===== Excerpted data =====
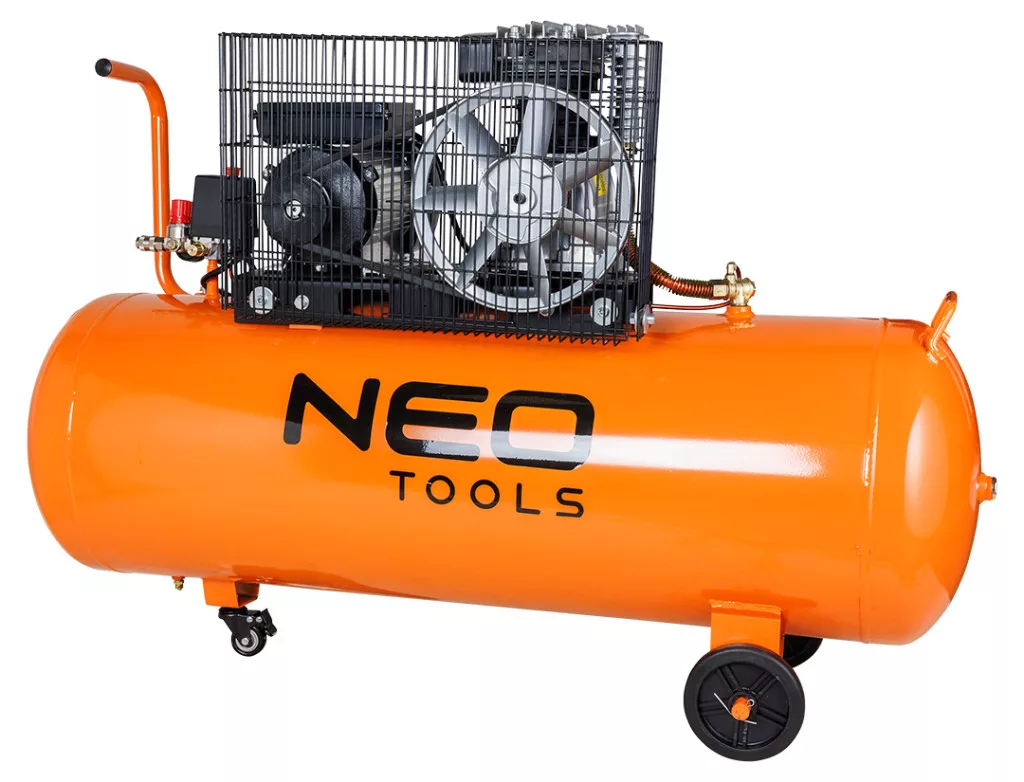 Neo Tools Kompresszor 150L, 10bar, 330L/perc, 2 csatlakozó, 2 nyomásmérő, olajkenésű
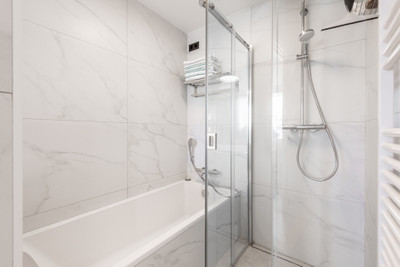 The property has four spacious bedrooms and three modern bathrooms, making it an ideal choice for families or those looking for a comfortable and stylish living space. The layout allows it to be used as one large 4 bedroom apartment or divided into 2 separate apartments with their own terrace and kitchen.
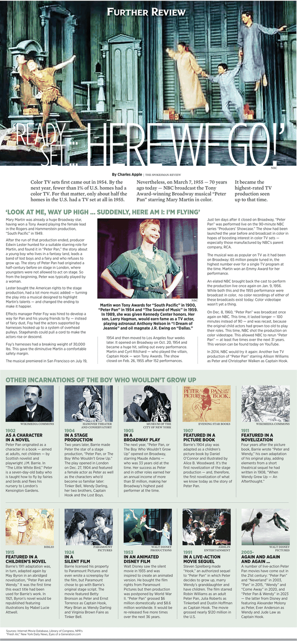 Dreamed up in 1902 by Scottish novelist J.M. Barrie, Peter Pan is a nearly century old character now. He's remained ever popular, though, with frequent adaptations again and again.
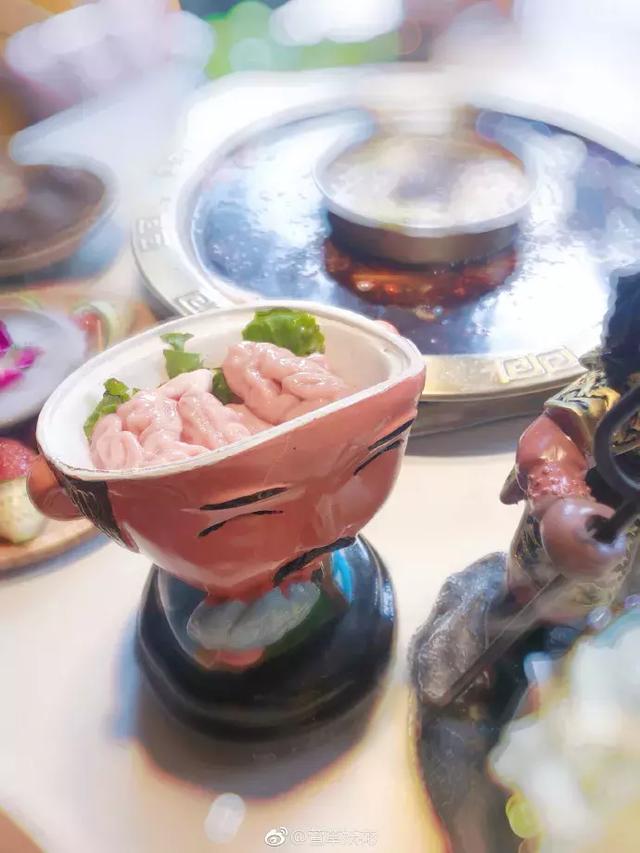 服务员揭开诸葛亮的脑袋:这里,诸葛亮的脑花,吃了聪明哦。
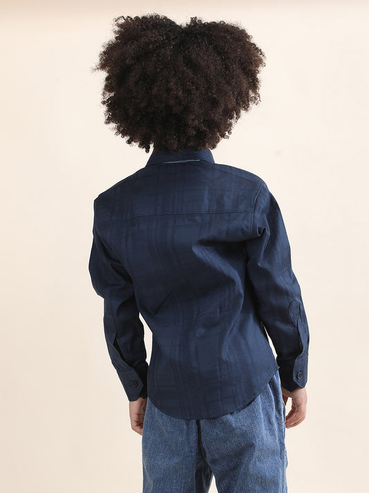 Polka Tots Full Sleeves Cotton self textured Shirt with Tie - Navy
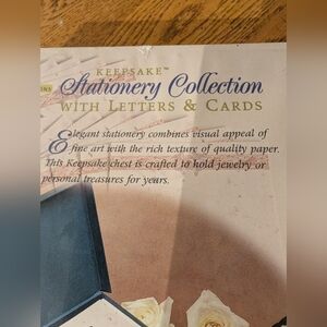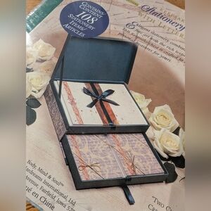Beautiful stationery box with decorative ribbon. Perfect for gifting or personal use.
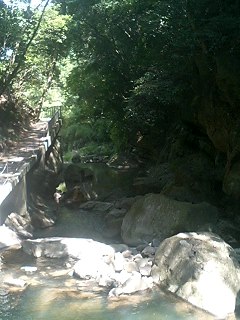 山の中で川が流れ、木漏れ日の中少し川に足をつけて遊ぶなんて、
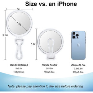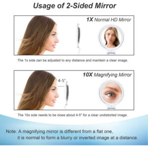 Espelho de aumento 10x Espelho de mão Espelho portátil Espelho de viagem Espelho ampliado Espelho de maquilhagem Espelho de maquilhagem Espelho de mesa com suporte Espelho dobrável com alça ajustável Espelho de mão de dupla face com ampliação de 1x 10x Espelho de aumento de tamanho compacto Espelho de aumento portátil pequeno Espelho de aumento portátil 10x Espelho pessoal para menina e mulher Presente de mãe – Ampliação poderosa e dupla face – Bem-vindo à AMISCE! Aqui está um espelho de dupla face com ampliação de 1x e 10x. O lado 1x é um espelho pessoal de alta definição para nosso uso diário. O forte espelho de aumento de 10x funciona bem para maquiagem, barbear, limpeza profunda e assim por diante, para nos tornar mais perfeitos. Pegue um, você receberá dois. – Alça/suporte ajustável – Com um suporte flexível, é um espelho de mão multiuso com alça, que pode ser girado em vários ângulos para atender às nossas necessidades. É mais do que apenas um espelho portátil, mas um espelho de mesa resistente, um espelho de maquiagem ampliado, um espelho de chuveiro suspenso, um espelho de viagem portátil, etc. Será o espelho que você precisa e gosta. – Portátil e compacto – 5,6 onças de peso leve e 5" de diâmetro, o tamanho compacto o torna um espelho de viagem dobrável perfeito, fácil de transportar e embalar em uma bolsa, mochila ou outro. O que você receberá é um espelho portátil muito versátil para mostrar sua beleza a qualquer momento. – Espelho de maquilhagem durável premium – Este espelho portátil é feito de moldura de acrílico transparente e vidro HD espessado, o que torna o pequeno espelho mais elegante e durável. Esse espelho de maquiagem de viagem exclusivo com ampliação de 10x é um presente perfeito para mulheres e meninas. – Dicas quentes e serviços pós-venda – Observe que o espelho de aumento de 10x é diferente de um espelho plano. Precisamos manter o espelho de 10x de 4-5 polegadas próximo ao nosso rosto para obter uma imagem nítida e sem distorções. É normal mostrar uma imagem invertida ou distorcida à distância, como outro espelho ampliado. Não se preocupe, tente ajustar a distância para cerca de 4 polegadas. Se você não estiver satisfeito com o espelho de viagem, sinta-se à vontade para entrar em contato conosco. Prometemos corrigi-lo em 24 horas nos dias de semana.
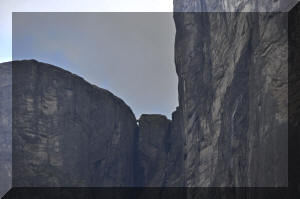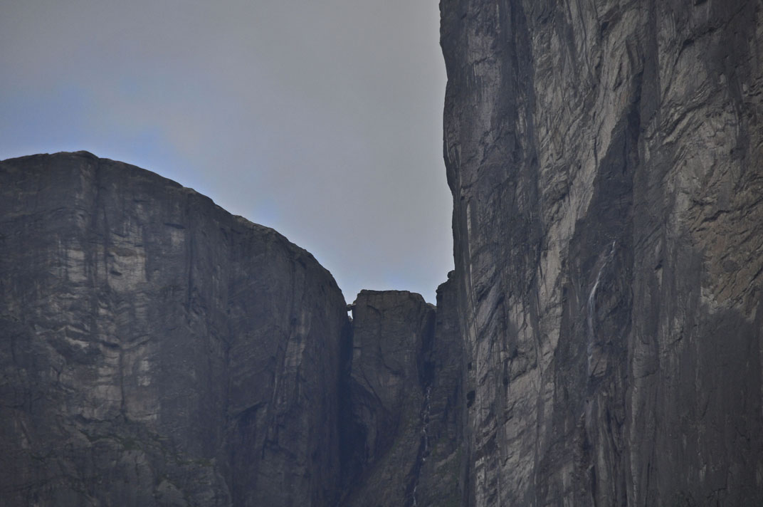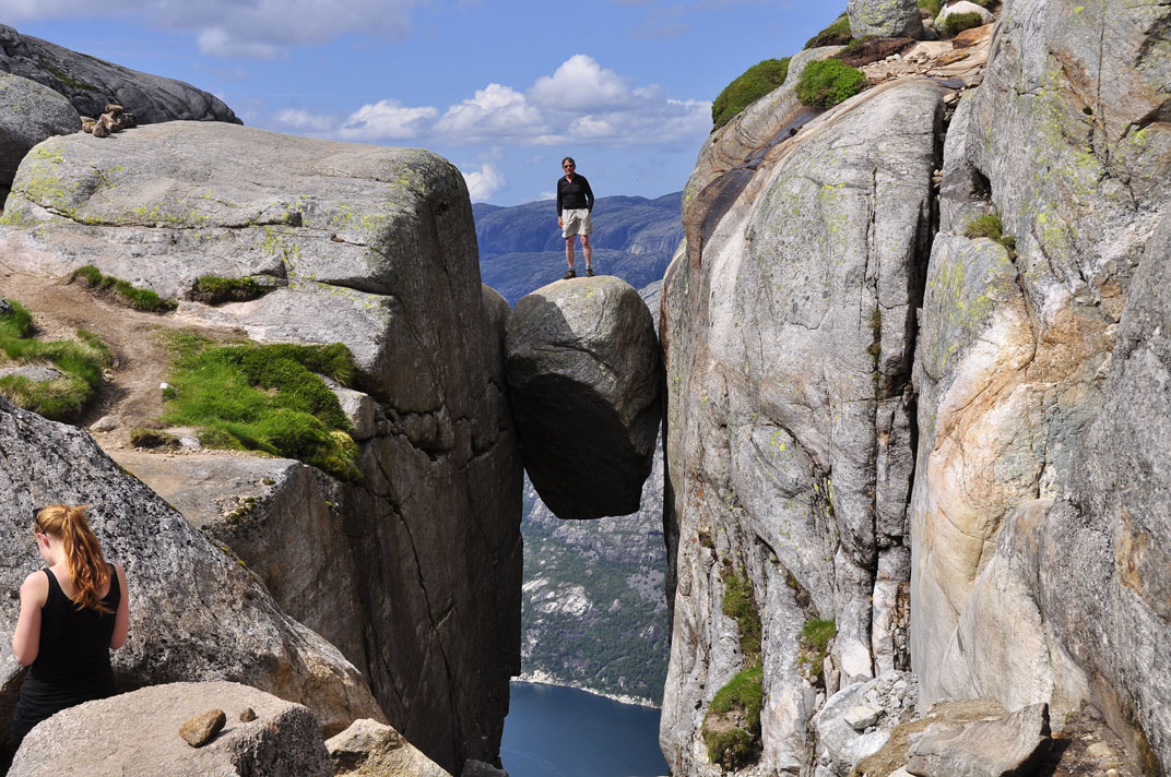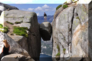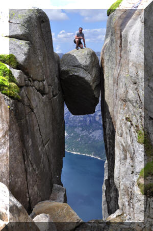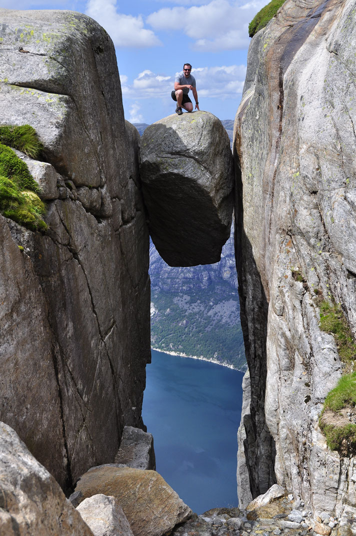 Michael and Neil both climbed on top of it, as did about half the many people who hiked up to it on the day we visited. It is about a 4 hour round trip from the highway, and close to some favourite exits off spots for the BASE jumpers who consider Kjerag one of the prime spots in the world. We went to watch some of them leap and fly. |
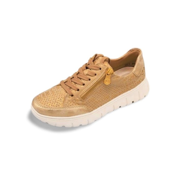 Damskie półbuty sportowe w beżowo-złotej kolorystyce, nadaja im elegancki i uniwersalny charakter, idealny do wielu casualowych stylizacji. Cholewka wykonana z wysokiej jakości skóry ekologicznej perforowanej jest lekka, przewiewna i łatwa w utrzymaniu, co zwiększa komfort noszenia nawet w cieplejsze dni. Podwójne zapięcie – praktyczny suwak oraz sznurówki – pozwala szybko zakładać buty i jednocześnie precyzyjnie dopasować je do stopy. Wkładka wyjmowana umożliwia łatwe czyszczenie lub zastosowanie własnych wkładek ortopedycznych. Tęgość G sprawia, że półbuty są komfortowe dla standardowej szerokości stopy. Technologia Rieker Anti-Stress gwarantuje lekkość, elastyczność i amortyzację każdego kroku, dzięki czemu półbuty doskonale sprawdzają się podczas codziennego noszenia.
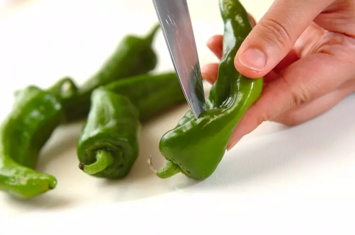 万願寺唐辛子は焼いた時に皮が弾けないように、包丁で突く。
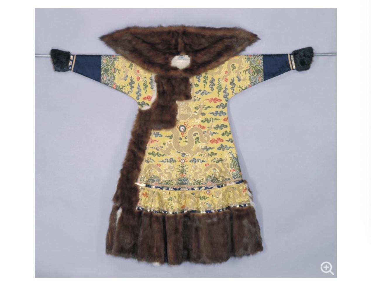 A bright yellow satin court robe with cloud and dragon motifs, trimmed with mink fur. (Screenshot from the Palace Museum official website)
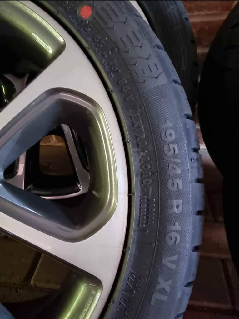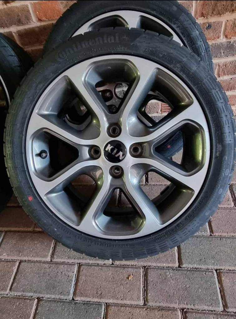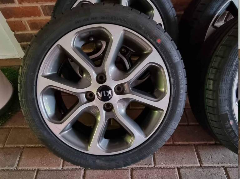 For sale is a genuine set of 4 Kia alloy wheels fitted with brand new Continental tyres (195/45 R16 XL).
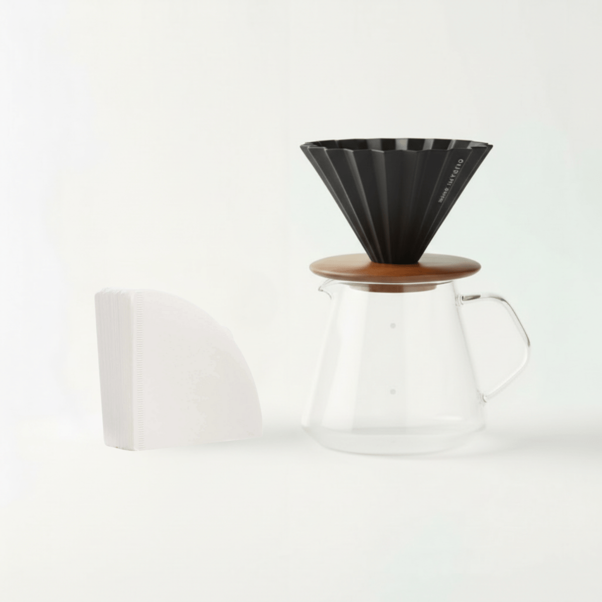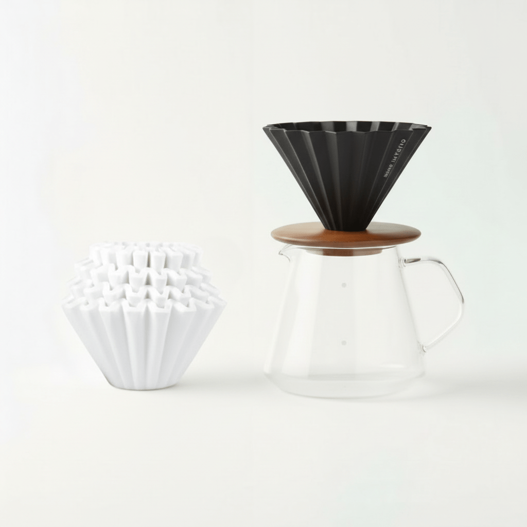 Avasta Jaapani pour over-kunst selle Origami täieliku komplektiga. Kõik, mida vajad erakordse kohvi valmistamiseks täpsuse ja elegantsiga – alates dripperist kuni kannu ja filtrini.
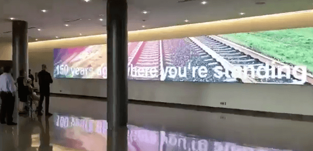 There’s also a 7-foot tall by 60 wide fine pitch LED wall in the building, put together by solutions provider Coffman Media and running Signagelive’s CMS. It’s part of a $140 million upgrade to the facility, that also involved digital meeting room signage.
=====
◆ **Activity**: What is needed is the data above, retyped exactly, with every picture left out.

◆ **Worked solution**:
 Neo Tools Kompresszor 150L, 10bar, 330L/perc, 2 csatlakozó, 2 nyomásmérő, olajkenésű
 The property has four spacious bedrooms and three modern bathrooms, making it an ideal choice for families or those looking for a comfortable and stylish living space. The layout allows it to be used as one large 4 bedroom apartment or divided into 2 separate apartments with their own terrace and kitchen.
 Dreamed up in 1902 by Scottish novelist J.M. Barrie, Peter Pan is a nearly century old character now. He's remained ever popular, though, with frequent adaptations again and again.
 服务员揭开诸葛亮的脑袋:这里,诸葛亮的脑花,吃了聪明哦。
 Polka Tots Full Sleeves Cotton self textured Shirt with Tie - Navy
Beautiful stationery box with decorative ribbon. Perfect for gifting or personal use.
 山の中で川が流れ、木漏れ日の中少し川に足をつけて遊ぶなんて、
 Espelho de aumento 10x Espelho de mão Espelho portátil Espelho de viagem Espelho ampliado Espelho de maquilhagem Espelho de maquilhagem Espelho de mesa com suporte Espelho dobrável com alça ajustável Espelho de mão de dupla face com ampliação de 1x 10x Espelho de aumento de tamanho compacto Espelho de aumento portátil pequeno Espelho de aumento portátil 10x Espelho pessoal para menina e mulher Presente de mãe – Ampliação poderosa e dupla face – Bem-vindo à AMISCE! Aqui está um espelho de dupla face com ampliação de 1x e 10x. O lado 1x é um espelho pessoal de alta definição para nosso uso diário. O forte espelho de aumento de 10x funciona bem para maquiagem, barbear, limpeza profunda e assim por diante, para nos tornar mais perfeitos. Pegue um, você receberá dois. – Alça/suporte ajustável – Com um suporte flexível, é um espelho de mão multiuso com alça, que pode ser girado em vários ângulos para atender às nossas necessidades. É mais do que apenas um espelho portátil, mas um espelho de mesa resistente, um espelho de maquiagem ampliado, um espelho de chuveiro suspenso, um espelho de viagem portátil, etc. Será o espelho que você precisa e gosta. – Portátil e compacto – 5,6 onças de peso leve e 5" de diâmetro, o tamanho compacto o torna um espelho de viagem dobrável perfeito, fácil de transportar e embalar em uma bolsa, mochila ou outro. O que você receberá é um espelho portátil muito versátil para mostrar sua beleza a qualquer momento. – Espelho de maquilhagem durável premium – Este espelho portátil é feito de moldura de acrílico transparente e vidro HD espessado, o que torna o pequeno espelho mais elegante e durável. Esse espelho de maquiagem de viagem exclusivo com ampliação de 10x é um presente perfeito para mulheres e meninas. – Dicas quentes e serviços pós-venda – Observe que o espelho de aumento de 10x é diferente de um espelho plano. Precisamos manter o espelho de 10x de 4-5 polegadas próximo ao nosso rosto para obter uma imagem nítida e sem distorções. É normal mostrar uma imagem invertida ou distorcida à distância, como outro espelho ampliado. Não se preocupe, tente ajustar a distância para cerca de 4 polegadas. Se você não estiver satisfeito com o espelho de viagem, sinta-se à vontade para entrar em contato conosco. Prometemos corrigi-lo em 24 horas nos dias de semana.
 Michael and Neil both climbed on top of it, as did about half the many people who hiked up to it on the day we visited. It is about a 4 hour round trip from the highway, and close to some favourite exits off spots for the BASE jumpers who consider Kjerag one of the prime spots in the world. We went to watch some of them leap and fly. |
 Damskie półbuty sportowe w beżowo-złotej kolorystyce, nadaja im elegancki i uniwersalny charakter, idealny do wielu casualowych stylizacji. Cholewka wykonana z wysokiej jakości skóry ekologicznej perforowanej jest lekka, przewiewna i łatwa w utrzymaniu, co zwiększa komfort noszenia nawet w cieplejsze dni. Podwójne zapięcie – praktyczny suwak oraz sznurówki – pozwala szybko zakładać buty i jednocześnie precyzyjnie dopasować je do stopy. Wkładka wyjmowana umożliwia łatwe czyszczenie lub zastosowanie własnych wkładek ortopedycznych. Tęgość G sprawia, że półbuty są komfortowe dla standardowej szerokości stopy. Technologia Rieker Anti-Stress gwarantuje lekkość, elastyczność i amortyzację każdego kroku, dzięki czemu półbuty doskonale sprawdzają się podczas codziennego noszenia.
 万願寺唐辛子は焼いた時に皮が弾けないように、包丁で突く。
 A bright yellow satin court robe with cloud and dragon motifs, trimmed with mink fur. (Screenshot from the Palace Museum official website)
 For sale is a genuine set of 4 Kia alloy wheels fitted with brand new Continental tyres (195/45 R16 XL).
 Avasta Jaapani pour over-kunst selle Origami täieliku komplektiga. Kõik, mida vajad erakordse kohvi valmistamiseks täpsuse ja elegantsiga – alates dripperist kuni kannu ja filtrini.
 There’s also a 7-foot tall by 60 wide fine pitch LED wall in the building, put together by solutions provider Coffman Media and running Signagelive’s CMS. It’s part of a $140 million upgrade to the facility, that also involved digital meeting room signage.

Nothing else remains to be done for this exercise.